### Exercise requirements
Please copy the data below exactly; none of the pictures in it belong in the copy.

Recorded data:

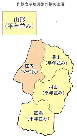 山形県の水稲作柄概況(8月15日現在)について東北農政局は8月31日「平年並み」と発表。これは、①穂数及び1穂当たりのもみ数が6月中旬の低温・日照不足(気象経過図赤⇒)によって一時生育は緩慢となったものの、6月下旬以降は高気温、多照で経過したことから「平年並み」と見込まれる、②全もみ数(穂数×1穂当たりもみ数)は「平年並み」と見込まれるためとしています。
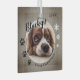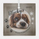 Nom du chien rustique de Noël du premier chiot et ornement en verre photo. L'arrière - plan est gris rustique avec des flocons blancs et des empreintes de pattes noirs. Personnalisez l'ornement avec la photo, le nom et l'année de naissance de votre chien - insérez votre photo de chiot préférée. Vous pouvez utiliser cet ornement personnalisé pour n'importe quel animal de compagnie. Une belle tenue de vacances pour un propriétaire de chien.
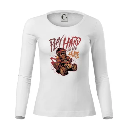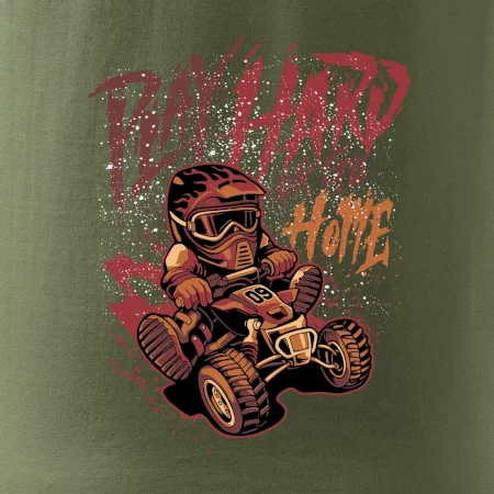 Tričko pre motoristu, na ktorom je kreslená off road štvorkolka s nápisom "Play Hard or Go Home". Tričko so štvorkolkou by mal mať každý správny off-road motorista. Tričko so štvorkolkou je vhodný darček pre motoristu, pre ktorého je jazda na štvorkolke ten pravý adrenalín.
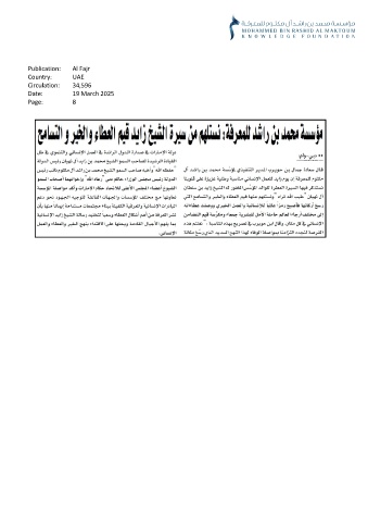 Publication: Al Fajr Country: UAE Circulation: 34,596 Date: 19 March 2025 Page: 8
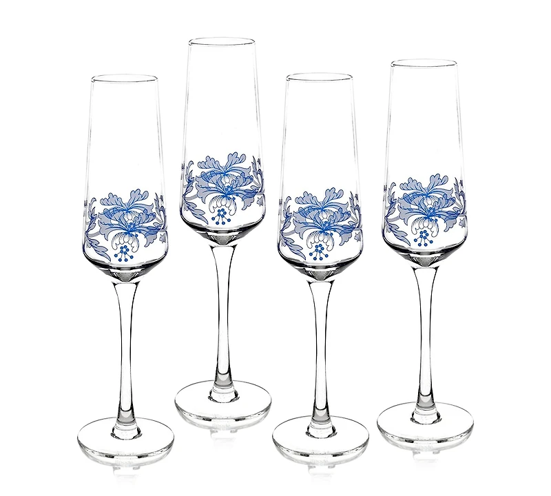 Spode's Blue Italian champagne flutes bring additional sophistication to your tablescape. A delicate floral pattern in soft blues complement the dinnerware pattern for that special occasion.
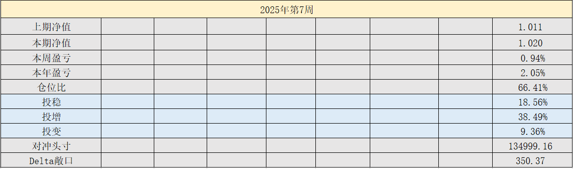 2025年07周,净值:1.020,本周盈亏:0.94%,本年盈亏:2.05%,总仓位:66%
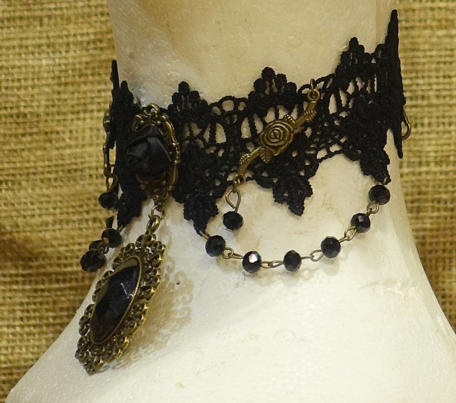 GothicChoker….Πλεκτό Με Πολυεστερικό Νήμα ….Διακοσμημένο Με Ακρυλικά Πετράδια Και Αλυσιδάκι……Έξτρα Αλυσίδα Στο Κούμπωμα Ώστε Να Βολεύει Σε Όλους….Σετάρεται Με Βραχιόλι Και Σκουλαρίκι Στο Ίδιο Ύφος…
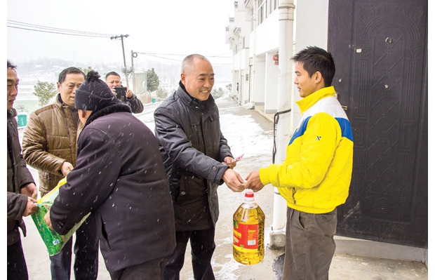1月28日,隨州日報社新一輪“三萬”活動工作隊冒著大雪來到駐點村曾都區(qū)何店鎮(zhèn)王店村,看望老黨員和困難戶,送去了食用油、大米等生活物資和慰問金。 (記者 徐斌攝)
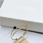 This luxurious open bangle bracelet is designed with a refined double-layer structure, blending elegance and modern style. One side of the bracelet is adorned with a polished clover motif, symbolizing luck and timeless beauty, while the other is embellished with a sparkling line of pavé-set crystals for extra brilliance. The slim gold-tone frame with rounded tips ensures both comfort and durability. A versatile statement piece that transitions effortlessly from everyday sophistication to evening elegance.
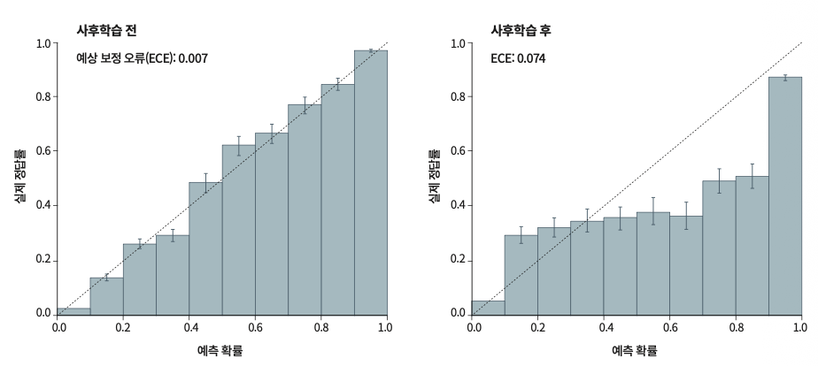 아래 그래프 중 사전학습만 진행한 사후학습 전의 GPT-4는 예측 확률과 실제 정답률의 차이가 0.007에 불과해 잘 보정된 상태인 반면, 사후학습 후엔 이 차이가 0.074로 10배 이상 증가했다. 이는 사후학습을 진행한 GPT-4가, 결과가 불확실한 상황에서도 자신의 예측을 과도하게 확신했음을 의미한다.
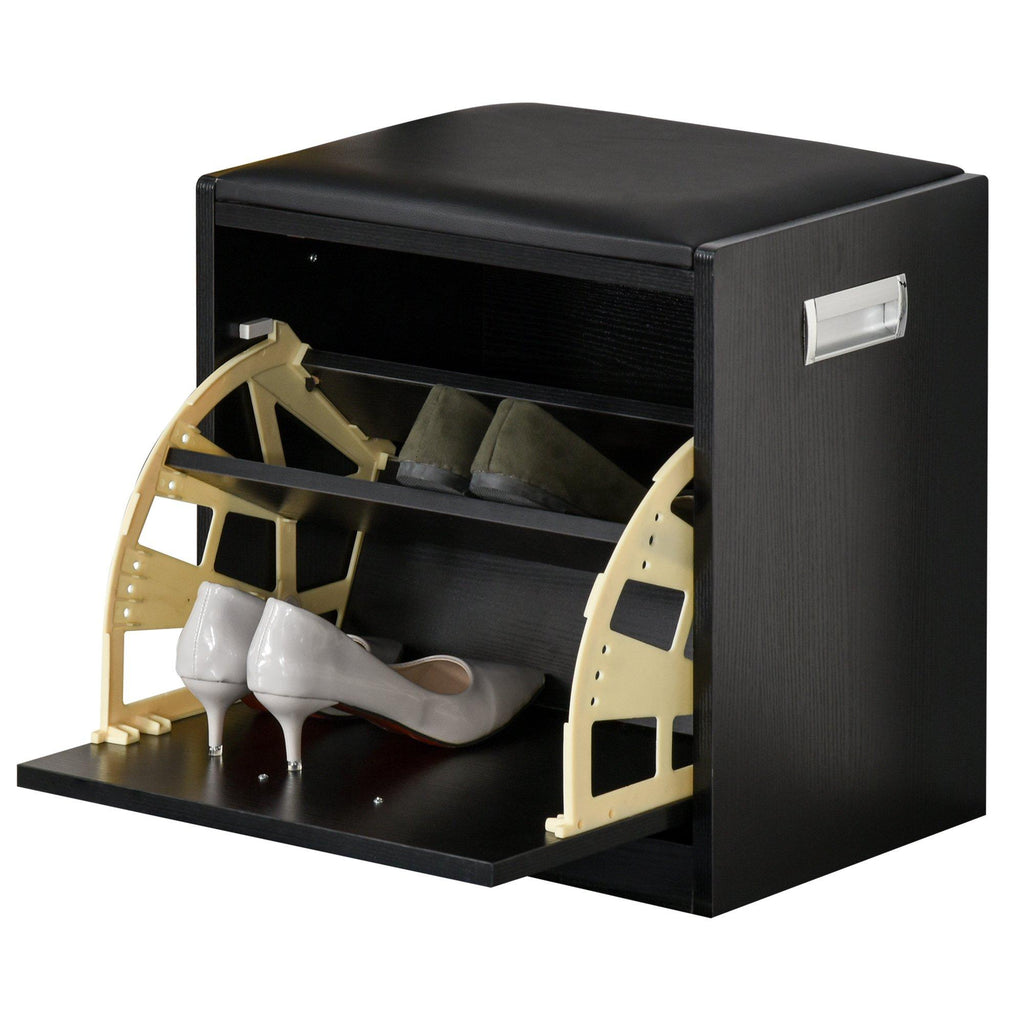 Pouf étagère à chaussures tabouret 43x30x44,5 cm en aggloméré noir
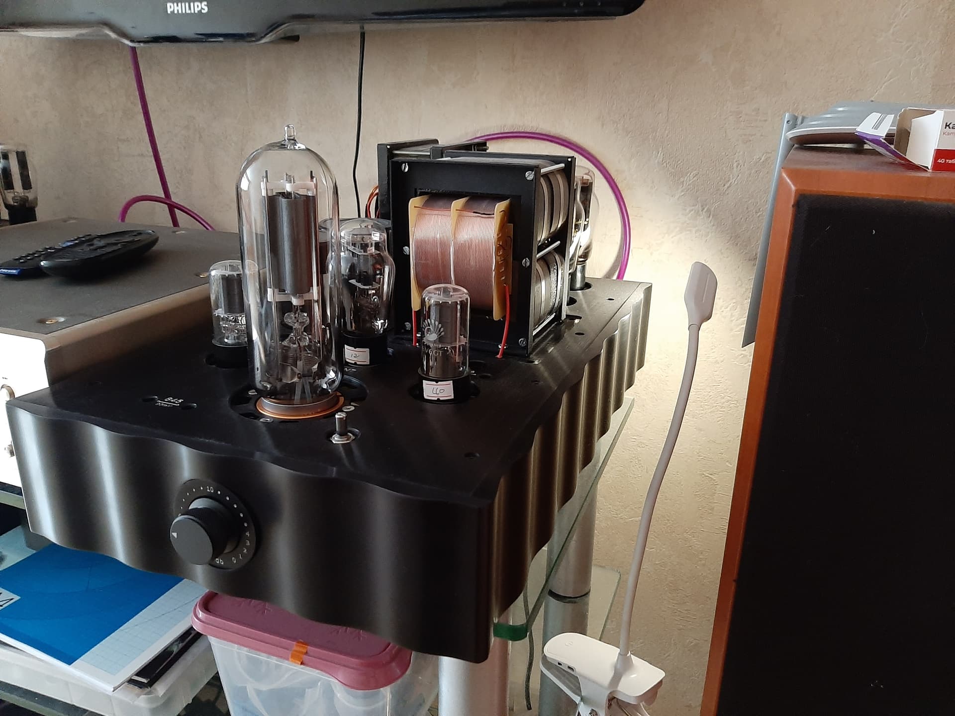Сейчас закончил однотактные моноблоки на 845 триодах(еще даже кожухи не установил). Цвет черный, много рельефа, чтобы точно передать аудитории эту красоту, нужна фотостудия и профессионал в каталожной сьемке.

### Exercise response
 山形県の水稲作柄概況(8月15日現在)について東北農政局は8月31日「平年並み」と発表。これは、①穂数及び1穂当たりのもみ数が6月中旬の低温・日照不足(気象経過図赤⇒)によって一時生育は緩慢となったものの、6月下旬以降は高気温、多照で経過したことから「平年並み」と見込まれる、②全もみ数(穂数×1穂当たりもみ数)は「平年並み」と見込まれるためとしています。
 Nom du chien rustique de Noël du premier chiot et ornement en verre photo. L'arrière - plan est gris rustique avec des flocons blancs et des empreintes de pattes noirs. Personnalisez l'ornement avec la photo, le nom et l'année de naissance de votre chien - insérez votre photo de chiot préférée. Vous pouvez utiliser cet ornement personnalisé pour n'importe quel animal de compagnie. Une belle tenue de vacances pour un propriétaire de chien.
 Tričko pre motoristu, na ktorom je kreslená off road štvorkolka s nápisom "Play Hard or Go Home". Tričko so štvorkolkou by mal mať každý správny off-road motorista. Tričko so štvorkolkou je vhodný darček pre motoristu, pre ktorého je jazda na štvorkolke ten pravý adrenalín.
 Publication: Al Fajr Country: UAE Circulation: 34,596 Date: 19 March 2025 Page: 8
 Spode's Blue Italian champagne flutes bring additional sophistication to your tablescape. A delicate floral pattern in soft blues complement the dinnerware pattern for that special occasion.
 2025年07周,净值:1.020,本周盈亏:0.94%,本年盈亏:2.05%,总仓位:66%
 GothicChoker….Πλεκτό Με Πολυεστερικό Νήμα ….Διακοσμημένο Με Ακρυλικά Πετράδια Και Αλυσιδάκι……Έξτρα Αλυσίδα Στο Κούμπωμα Ώστε Να Βολεύει Σε Όλους….Σετάρεται Με Βραχιόλι Και Σκουλαρίκι Στο Ίδιο Ύφος…
1月28日,隨州日報社新一輪“三萬”活動工作隊冒著大雪來到駐點村曾都區(qū)何店鎮(zhèn)王店村,看望老黨員和困難戶,送去了食用油、大米等生活物資和慰問金。 (記者 徐斌攝)
 This luxurious open bangle bracelet is designed with a refined double-layer structure, blending elegance and modern style. One side of the bracelet is adorned with a polished clover motif, symbolizing luck and timeless beauty, while the other is embellished with a sparkling line of pavé-set crystals for extra brilliance. The slim gold-tone frame with rounded tips ensures both comfort and durability. A versatile statement piece that transitions effortlessly from everyday sophistication to evening elegance.
 아래 그래프 중 사전학습만 진행한 사후학습 전의 GPT-4는 예측 확률과 실제 정답률의 차이가 0.007에 불과해 잘 보정된 상태인 반면, 사후학습 후엔 이 차이가 0.074로 10배 이상 증가했다. 이는 사후학습을 진행한 GPT-4가, 결과가 불확실한 상황에서도 자신의 예측을 과도하게 확신했음을 의미한다.
 Pouf étagère à chaussures tabouret 43x30x44,5 cm en aggloméré noir
Сейчас закончил однотактные моноблоки на 845 триодах(еще даже кожухи не установил). Цвет черный, много рельефа, чтобы точно передать аудитории эту красоту, нужна фотостудия и профессионал в каталожной сьемке.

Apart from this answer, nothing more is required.